Study material Block Start
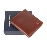 Функциональное портмоне из премиальной натуральной кожи Vachetta. Выполняет функции кошелька. Раскладывается пополам. Внутри отделение для купюр и карман на молнии. 6 кармашков для пластиковых карт. Потайной и сетчатый карманы. Товар упакован в подарочную коробку от бренда Sergio Belotti.
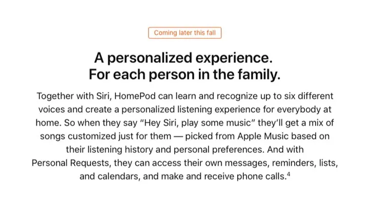 伴随着一大波新品的发布,苹果本周也悄然更新了官网的HomePod产品页面,宣布将于近期为该智能扬声器添加一些新的功能。
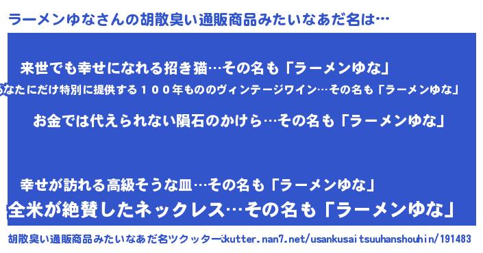 | 意味不明あだ名 | 『眠気覚ましガムラーメンゆな味』 |
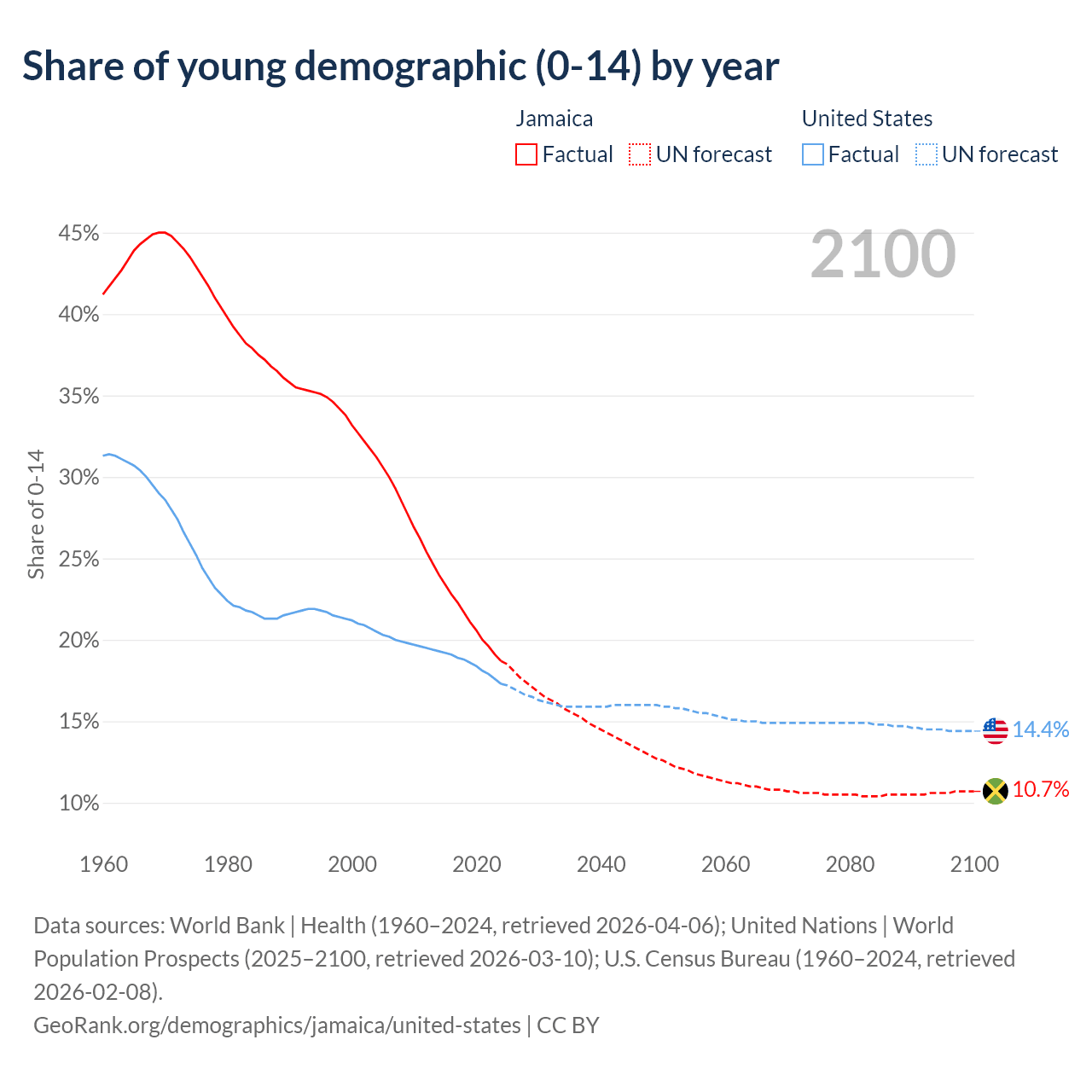 - The share of young demographic (0-15 years old) in Jamaica is 18.7% vs 17.3% in the United States.
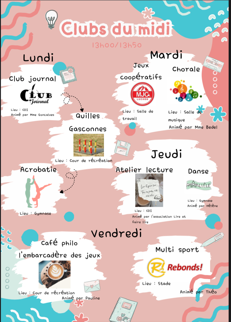 Dans le cadre du projet Coup de pouce prévention, les élèves ont la possibilité de participer à une activité chaque jour sur la pause méridienne. Cliquez pour en savoir plus.
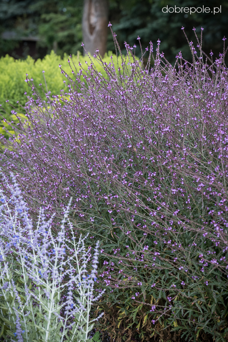 Werbena patagońska mimo, że jest rośliną wieloletnią, w polskich warunkach klimatycznych musimy traktować ją, jako roślinę jednoroczną. Do niedawna nieznana, obecnie robi furorę wśród architektów zieleni i właścicieli ogrodów. Tworzy luźne, delikatne, zwiewne kępy wzniesionych, owłosionych pędów dorastających do 150 cm wysokości. W uprawach pojawiły się także odmiany, które są niskie i dorastają do 60 cm. Największe zainteresowanie budzi jednak gatunek. Na szczytach cienkich pędów w lipcu pojawiają różowo-liliowe kwiatki zebrane w nieduże główki, które przyozdabiają roślinę do końca jesieni, a także zimą kiedy nadal są ozdobą ogrodu. Roślina zwabia pszczoły i kolorowe motyle. Ma wielorakie zastosowanie. Dzięki lekkiemu pokrojowi roślinę możemy wysadzać w dowolnym miejscu ogrodu. Werbena doskonale się sprawdza w połączeniu z innymi roślinami np. białymi, różowymi jeżówkami, białymi gaurami, zawilcami japońskimi, żółtymi rudbekiami, nachyłkami lub trawami np. stipą, rozplenicą. Wspaniale prezentuje się w dużych grupach na tle wysokich miskantów lub trzcinników. Werbeny można też wysadzać wzdłuż chodników, ogrodzeń lub ścian budynków. Świetnie sprawdzają się w założeniach naturalistycznych, na łąkach kwietnych. Roślina preferuje stanowiska słoneczne, gleby żyzne, próchnicze, przepuszczalne, lekko wilgotne. Bardzo dobrze znosi przejściową suszę.
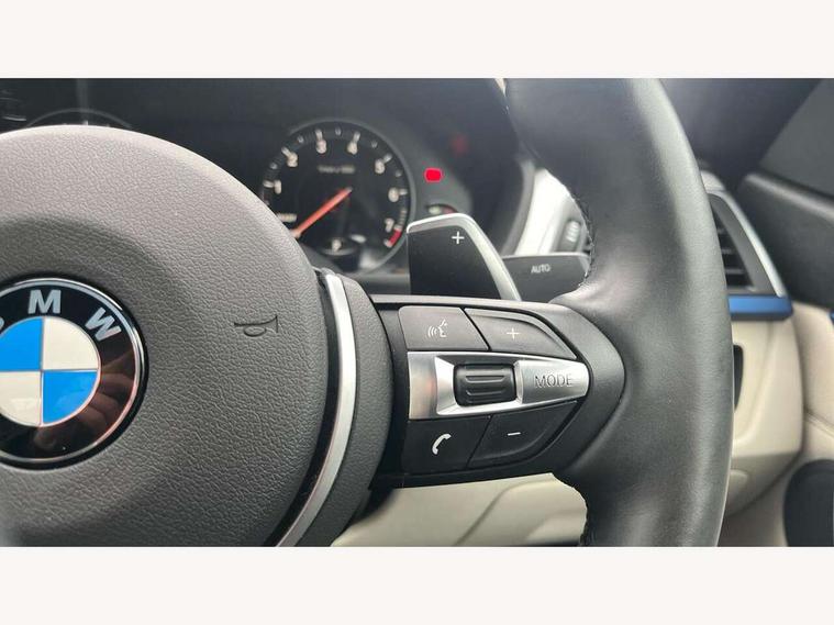 Auto start-stop, BMW Online services, BMW remote services, BMW Teleservices, Brake pad wear indicator in front and rear, Check Control warning system for monitoring of lights and door/luggage compartment open warning, Control display - 6.5" colour display screen, Front/rear park distance control (PDC), iDrive Controller with 8 favourite buttons, Instrument cluster with speedometer with mph readout, tachometer, fuel gauge and oil temperature gauge, Lights on warning by audio warning signal when ignition is switched off, M Sport instrument cluster, Oil sensor for level and grade, warning by check control system, On board computer - average speed, fuel consumption, outside temp display with acoustic warning, clock/date, service interval, odometer/trip meter, Optimum shift indicator, Personal Profile - automatic lock when driving away selectable, Professional multimedia navigation system, Run flat indicator, Aluminium front suspension, Drive performance control with ECO PRO comfort + sport mode, Eight speed sport automatic transmission, Electronic differential lock, Five link rear suspension, Permanent all wheel drive, VALVETRONIC engine management, DAB tuner, Auto dimming rear view mirror, Body colour door handles, Body colour front bumper, Body colour rear bumper, Body colour roof mouldings, Chrome kidney grille with extra wide black, high gloss black vertical slats, Direction indicator, side repeaters, integrated in exterior mirrors, Door sill finishers with M designation, Dual exhaust tailpipes in left with chrome finisher, Dynamic brake lights, Electric front windows with fingertip open/close + anti-trap facility, Follow me home headlights, Front air inlet with high gloss black finish, Front and rear bumper system, Green tinted heat protection glazing, Heated windscreen washer jets, Heated, electrically adjustable exterior mirror aspheric on driver side, convex on passenger side, High gloss black air breather, High gloss black rear bumper insert, High gloss shadow line exterior trim, High level third brake light, LED daytime running lights, LED direction indicator lenses, LED eyebrow light, LED front fog lights, LED tail lights with 3D L-shaped LED light design, Lightweight engineering, M aerodynamic bodystyling, Model designation, Rain sensor including auto headlights activation, Shark fin antenna, Two speed adjustable intervals windscreen wipers, Visible VIN plate, Welcome lighting, Windscreen with grey shadeband, 12V sockets in front centre console and passenger footwell, 3 spoke leather M sport multifunction sports steering wheel, 4 grab handles, Air conditioning and radio control panel in high gloss black, Ambient lighting - switchable BMW classic orange/ cold white LED, Anthracite headlining, Automatic air conditioning with two zone control, Bottle holders integrated into front door trim storage compartments, Chrome centre console panel highlight, Driver and front passenger seat heating, Front and rear side armrests integrated into door trim, Front folding sliding armrest with storage compartment, Front head restraints, Front sports seats, Full black panel display, Glove compartment, Interior lighting, front centre over interior mirror and rear centre automatic interior light activation when door is opened, Load lashing eyes in luggage compartment, Reach + rake manual adjustable steering column, Rear centre armrest with 2 cupholders, Rear child seat isofix attachment with passenger airbag deactivation, Rear coded belt buckles, Rear seat centre armrest with two cupholders, Storage compartment in rear centre console, Sunvisors with vanity mirrors and ticket pocket, Toolkit located in luggage compartment, Two front cup holders with a sliding lid, Two Integrated rear seat headrests, Velour floor mats, Extended lighting package - 4 Series, Non Smokers pack, Airbag - Front driver and passenger, front and rear head, front side, curtain head protection, manual deactivation of front passenger airbag possible, Anti lock braking system (ABS) with brake assist, Automatic seat belt handover for driver and front passenger, Automatic Stability Control (ASC), Battery safety cut-off, BMW emergency call, Brake drying, Brake energy regeneration, Brake pretensioning, Cornering brake control (CBC), Crash sensor activating central locking release, hazard warning lights, Dynamic brake control, Dynamic stability control + (DSC+), Dynamic Traction Control - DTC, Front and rear ventilated brake disc, Front seatbelt force limiters, Hill start assistant, Pyrotechnically pre-tensioned front seatbelts, Seat belt security check for driver, Side impact protection, Twin horns, Tyre pressure monitoring with three level warning strategy, Variable torque distribution, Warning triangle and first aid kit, Alarm system (Thatcham 1) with electronic engine immobiliser, Central locking switch for all doors, fuel filler cap and luggage compartment, Remote control integrated key with blue inset, Start/stop button with Comfort Go keyless engine start and auto Start/stop deactivation button, Reduced rolling resistance tyres, Run flat tyres,
Study material Block End
Your goal:
Reproduce the full listing verbatim so that only the pictures are missing.

Answer box:
 Функциональное портмоне из премиальной натуральной кожи Vachetta. Выполняет функции кошелька. Раскладывается пополам. Внутри отделение для купюр и карман на молнии. 6 кармашков для пластиковых карт. Потайной и сетчатый карманы. Товар упакован в подарочную коробку от бренда Sergio Belotti.
 伴随着一大波新品的发布,苹果本周也悄然更新了官网的HomePod产品页面,宣布将于近期为该智能扬声器添加一些新的功能。
 | 意味不明あだ名 | 『眠気覚ましガムラーメンゆな味』 |
 - The share of young demographic (0-15 years old) in Jamaica is 18.7% vs 17.3% in the United States.
 Dans le cadre du projet Coup de pouce prévention, les élèves ont la possibilité de participer à une activité chaque jour sur la pause méridienne. Cliquez pour en savoir plus.
 Werbena patagońska mimo, że jest rośliną wieloletnią, w polskich warunkach klimatycznych musimy traktować ją, jako roślinę jednoroczną. Do niedawna nieznana, obecnie robi furorę wśród architektów zieleni i właścicieli ogrodów. Tworzy luźne, delikatne, zwiewne kępy wzniesionych, owłosionych pędów dorastających do 150 cm wysokości. W uprawach pojawiły się także odmiany, które są niskie i dorastają do 60 cm. Największe zainteresowanie budzi jednak gatunek. Na szczytach cienkich pędów w lipcu pojawiają różowo-liliowe kwiatki zebrane w nieduże główki, które przyozdabiają roślinę do końca jesieni, a także zimą kiedy nadal są ozdobą ogrodu. Roślina zwabia pszczoły i kolorowe motyle. Ma wielorakie zastosowanie. Dzięki lekkiemu pokrojowi roślinę możemy wysadzać w dowolnym miejscu ogrodu. Werbena doskonale się sprawdza w połączeniu z innymi roślinami np. białymi, różowymi jeżówkami, białymi gaurami, zawilcami japońskimi, żółtymi rudbekiami, nachyłkami lub trawami np. stipą, rozplenicą. Wspaniale prezentuje się w dużych grupach na tle wysokich miskantów lub trzcinników. Werbeny można też wysadzać wzdłuż chodników, ogrodzeń lub ścian budynków. Świetnie sprawdzają się w założeniach naturalistycznych, na łąkach kwietnych. Roślina preferuje stanowiska słoneczne, gleby żyzne, próchnicze, przepuszczalne, lekko wilgotne. Bardzo dobrze znosi przejściową suszę.
 Auto start-stop, BMW Online services, BMW remote services, BMW Teleservices, Brake pad wear indicator in front and rear, Check Control warning system for monitoring of lights and door/luggage compartment open warning, Control display - 6.5" colour display screen, Front/rear park distance control (PDC), iDrive Controller with 8 favourite buttons, Instrument cluster with speedometer with mph readout, tachometer, fuel gauge and oil temperature gauge, Lights on warning by audio warning signal when ignition is switched off, M Sport instrument cluster, Oil sensor for level and grade, warning by check control system, On board computer - average speed, fuel consumption, outside temp display with acoustic warning, clock/date, service interval, odometer/trip meter, Optimum shift indicator, Personal Profile - automatic lock when driving away selectable, Professional multimedia navigation system, Run flat indicator, Aluminium front suspension, Drive performance control with ECO PRO comfort + sport mode, Eight speed sport automatic transmission, Electronic differential lock, Five link rear suspension, Permanent all wheel drive, VALVETRONIC engine management, DAB tuner, Auto dimming rear view mirror, Body colour door handles, Body colour front bumper, Body colour rear bumper, Body colour roof mouldings, Chrome kidney grille with extra wide black, high gloss black vertical slats, Direction indicator, side repeaters, integrated in exterior mirrors, Door sill finishers with M designation, Dual exhaust tailpipes in left with chrome finisher, Dynamic brake lights, Electric front windows with fingertip open/close + anti-trap facility, Follow me home headlights, Front air inlet with high gloss black finish, Front and rear bumper system, Green tinted heat protection glazing, Heated windscreen washer jets, Heated, electrically adjustable exterior mirror aspheric on driver side, convex on passenger side, High gloss black air breather, High gloss black rear bumper insert, High gloss shadow line exterior trim, High level third brake light, LED daytime running lights, LED direction indicator lenses, LED eyebrow light, LED front fog lights, LED tail lights with 3D L-shaped LED light design, Lightweight engineering, M aerodynamic bodystyling, Model designation, Rain sensor including auto headlights activation, Shark fin antenna, Two speed adjustable intervals windscreen wipers, Visible VIN plate, Welcome lighting, Windscreen with grey shadeband, 12V sockets in front centre console and passenger footwell, 3 spoke leather M sport multifunction sports steering wheel, 4 grab handles, Air conditioning and radio control panel in high gloss black, Ambient lighting - switchable BMW classic orange/ cold white LED, Anthracite headlining, Automatic air conditioning with two zone control, Bottle holders integrated into front door trim storage compartments, Chrome centre console panel highlight, Driver and front passenger seat heating, Front and rear side armrests integrated into door trim, Front folding sliding armrest with storage compartment, Front head restraints, Front sports seats, Full black panel display, Glove compartment, Interior lighting, front centre over interior mirror and rear centre automatic interior light activation when door is opened, Load lashing eyes in luggage compartment, Reach + rake manual adjustable steering column, Rear centre armrest with 2 cupholders, Rear child seat isofix attachment with passenger airbag deactivation, Rear coded belt buckles, Rear seat centre armrest with two cupholders, Storage compartment in rear centre console, Sunvisors with vanity mirrors and ticket pocket, Toolkit located in luggage compartment, Two front cup holders with a sliding lid, Two Integrated rear seat headrests, Velour floor mats, Extended lighting package - 4 Series, Non Smokers pack, Airbag - Front driver and passenger, front and rear head, front side, curtain head protection, manual deactivation of front passenger airbag possible, Anti lock braking system (ABS) with brake assist, Automatic seat belt handover for driver and front passenger, Automatic Stability Control (ASC), Battery safety cut-off, BMW emergency call, Brake drying, Brake energy regeneration, Brake pretensioning, Cornering brake control (CBC), Crash sensor activating central locking release, hazard warning lights, Dynamic brake control, Dynamic stability control + (DSC+), Dynamic Traction Control - DTC, Front and rear ventilated brake disc, Front seatbelt force limiters, Hill start assistant, Pyrotechnically pre-tensioned front seatbelts, Seat belt security check for driver, Side impact protection, Twin horns, Tyre pressure monitoring with three level warning strategy, Variable torque distribution, Warning triangle and first aid kit, Alarm system (Thatcham 1) with electronic engine immobiliser, Central locking switch for all doors, fuel filler cap and luggage compartment, Remote control integrated key with blue inset, Start/stop button with Comfort Go keyless engine start and auto Start/stop deactivation button, Reduced rolling resistance tyres, Run flat tyres,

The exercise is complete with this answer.